Время не длится и не продолжается, оно состоит из мгновений и пустых промежутков.
Я беру отрезок времени. Это время я был в дороге – прошел некоторое расстояние. И то время когда я ходил, я заметил некоторое однообразие этой части пути, – другую часть пути я отнес к другому отрезку времени. Я отличил первый отрезок времени от второго. Это бывает, когда много раз проходишь тот же путь, когда ту же дорогу совершаешь по многу раз в день, много дней. Этот отрезок времени я назову большим мгновением. Времени здесь уже не будет.
Я представляю себе три системы вещей. Первая основана на доверии. Но если я сомневаюсь, и у меня нет доверия, что мне делать? Вторая основана на рассуждении. Но если я слаб, и мои способности ограничены, я могу совершить непоправимую ошибку. Я осужден по первой, я осужден по второй.
Умерший на берегу забвения говорит8: я умер только что, я умер вчера, я умер тысячу лет назад. Когда сердце остановилось, я вздохнул раз или два. Я вздохнул последний раз. Между двумя вздохами душа отделилась от тела. Душа умершего на берегу забвения говорит: меня обманывают, меня хоронят. Проходит мгновение, проходит год, проходит тысяча лет. Я обозреваю распростертое время, случайно разбросанные на нем события.
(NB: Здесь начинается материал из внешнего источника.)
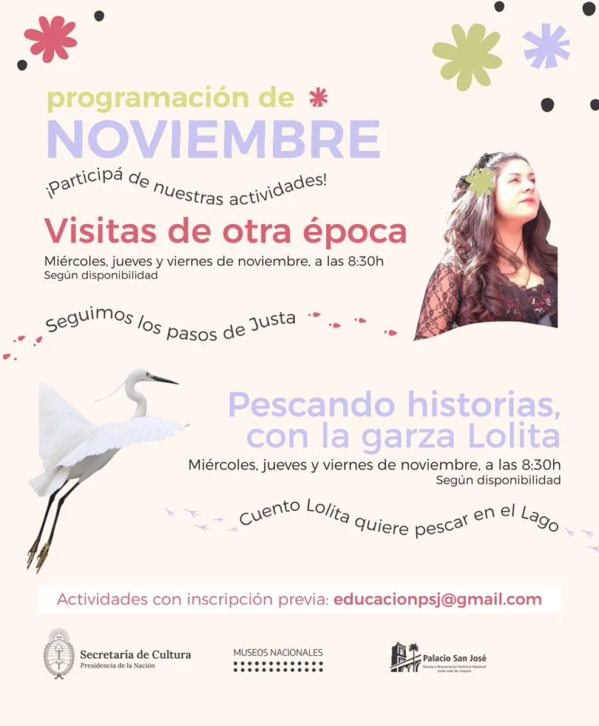 En los próximos días, el Palacio San José organiza diferentes actividades para niños y niñas, las mismas son de carácter recreativas, lúdicas e históricas.

Меня давит прошлое, как неподвижное сейчас, стоит оно передо мною, как большое мгновение, здесь пустынно и холодно. Умерший на берегу забвения оплакивает свое тело: рука была прекрасна, теплая, белая. Живот был прекрасен, округлый, мягкий. Грудь и шея были прекрасны. Он жалеет, что не может поднять головы, двинуть рукой.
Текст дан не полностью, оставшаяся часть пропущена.